Poonawalla explained the calls he receives normally start with exchanging pleasantries before it drifts in a “very different direction”. “They are saying if you don’t give us the vaccine, it’s not going to be good…It’s not the foul language, it’s the tone. It’s the implication of what they might do if I don’t comply. It’s taking control,” he said.
He further added, “I’m staying here (Britain) extended times because I don’t want to go back to that situation. Everything falls on my shoulders but I can’t do it alone…I don’t want to be in a situation where you are trying to do your job, and just because you can’t supply the needs of X, Y and Z you really don’t want to guess what they are going to do.”
Adar Poonawalla given Y category security cover
Due to the threats the SII CEO is receiving, the union home ministry on Wednesday had announced that he will be provided with Y category security cover. The ‘Y’ category security comprises 11 personnel, including one or two commandoes and police personnel.
The centre’s decision had come after Director, Government and Regulatory Affairs, at the Serum Institute, Prakash Kumar Singh wrote to Union Home Minister Amit Shah on April 16 requesting security for Poonawalla. In the letter, Singh had stated that Poonawalla has been getting threats from various groups regarding the COVID-19 vaccine supplies.
Congress leaders, including Rahul Gandhi, attack Adar Poonawalla and accuse him of “profiteering” from the pandemic
It is pertinent to note that Congress leaders, spurred by their former president Rahul Gandhi, have been relentlessly attacking Adar Poonawalla, for a host of reasons—for procuring the supply of vaccines for their respective states to the cost of the vaccine. A high-voltage campaign was run against Serum Institute of India after it announced prices for its vaccine for the state governments and private hospitals.
SII had announced Rs 400 per dose for the state governments and Rs 600 for private hospitals.
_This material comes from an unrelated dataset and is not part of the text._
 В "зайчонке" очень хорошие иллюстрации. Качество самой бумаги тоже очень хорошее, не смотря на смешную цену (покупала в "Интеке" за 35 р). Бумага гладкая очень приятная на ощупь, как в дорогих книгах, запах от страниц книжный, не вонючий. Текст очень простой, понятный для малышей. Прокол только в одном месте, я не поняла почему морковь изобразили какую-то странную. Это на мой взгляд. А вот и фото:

However, many state governments, mostly Congress-ruled states and senior Congress leaders started vilifying Adar Poonawalla and the Serum Institute of India, painting them as money-grubbers who were profiteering from a pandemic.
Senior Congress leader Rahul Gandhi was amongst the politicians who led the attack against the Serum Institute of India and its CEO Adar Poonawalla. He described Adar as PM Modi’s friend. In a tweet attaching SII’s vaccine rates for the state governments and private hospitals announced by the company, he implied that the Centre is supporting a few companies to ‘earn profits’.
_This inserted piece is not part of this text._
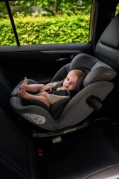 Możliwość obracania o 360° umożliwia wygodny dostęp do dziecka, niezależnie od kierunku siedzenia. To ułatwia umieszczanie dziecka w foteliku i jego wyjmowanie.
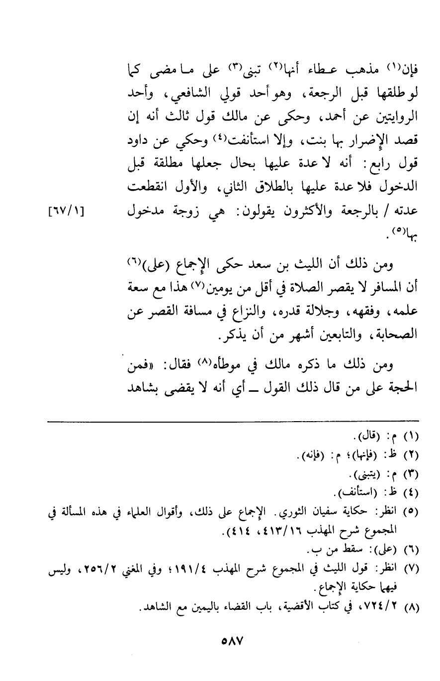 ومن ذلك أن الليث بن سعد حكى الإجماع على أن المسافر لا يقصر الصلاة في اقل من يومين هذا مع سعة علمه وفقهه وجلالة قدره والنزاع في مسافة القصر عن الصحابة والتابعين أشهر من أن يذكر.

Mr Gandhi’s attack against Adar was in line with his unwarranted vilification of Reliance and Adani Group, accusing them of profiteering because of being supposedly close to PM Modi. It is noteworthy to mention that Reliance and Adani group are at the forefront of India’s fight against the resurgent wave of the coronavirus outbreak, with Mukesh Ambani’s Reliance Industries Limited being the largest producer of medicinal oxygen in the country. It has so far donated 15,000 MT of oxygen to about 15 lakh patients in the country.
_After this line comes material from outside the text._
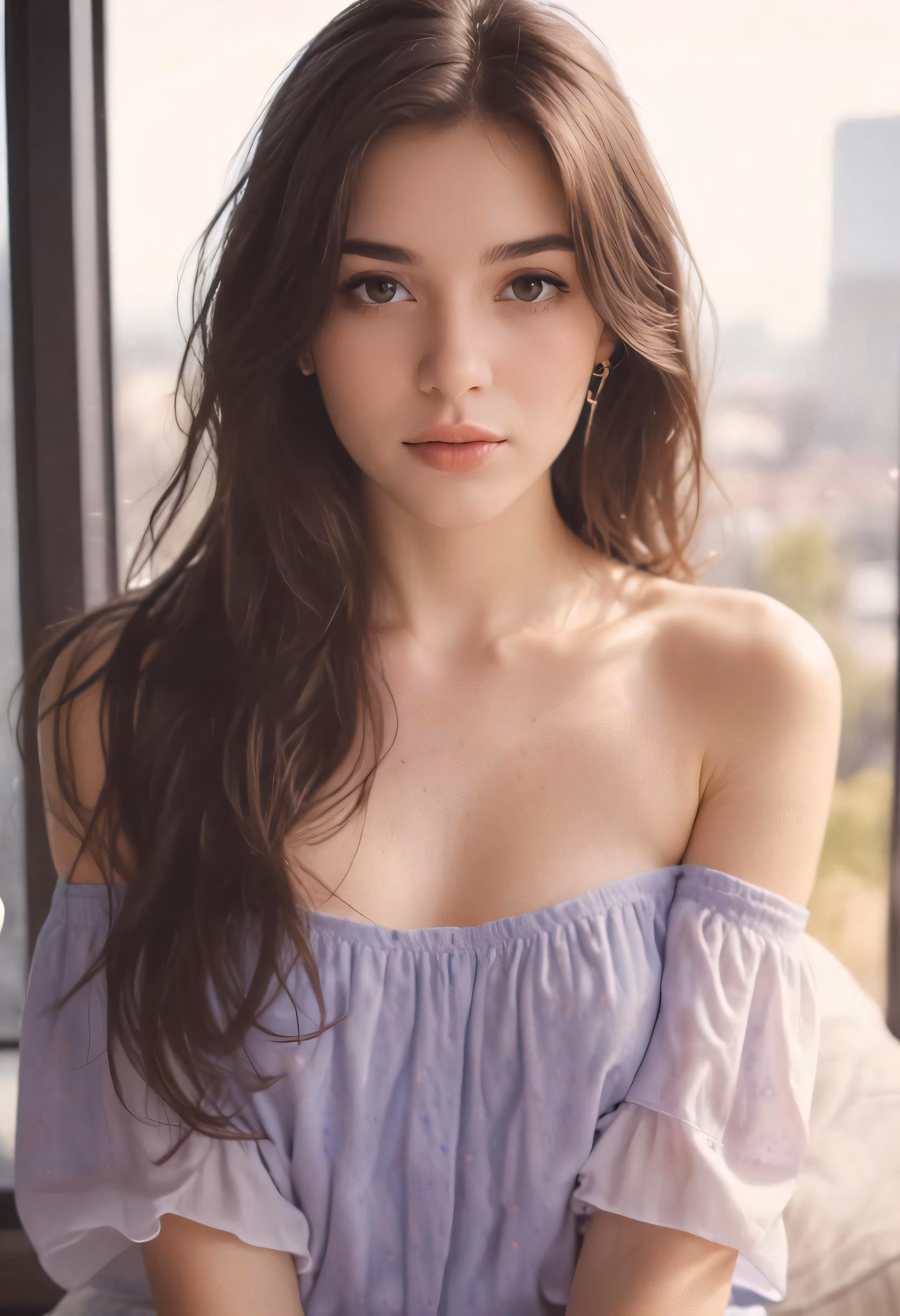 High resolution picture, free to use, beautiful young woman in purple shirt leaning on window ledge

Nevertheless, Rahul’s tendency to attack businessmen in India continues unabated. Following the outrage, the Serum Institute of India reduced its vaccines price from Rs 400 per dose, which was already among the lowest in the world, to Rs 300 per dose.
Clearing the accusation of “profiteering” that was levelled against the SII, Poonawalla told The Times that the allegations were “totally incorrect”. He says the centre was able to buy the vaccine at Rs 150 per dose because it was buying in advance. He says the company will make money from the higher prices charged to state governments and private hospitals but insists Covishield will still be the “most affordable vaccine in the world”.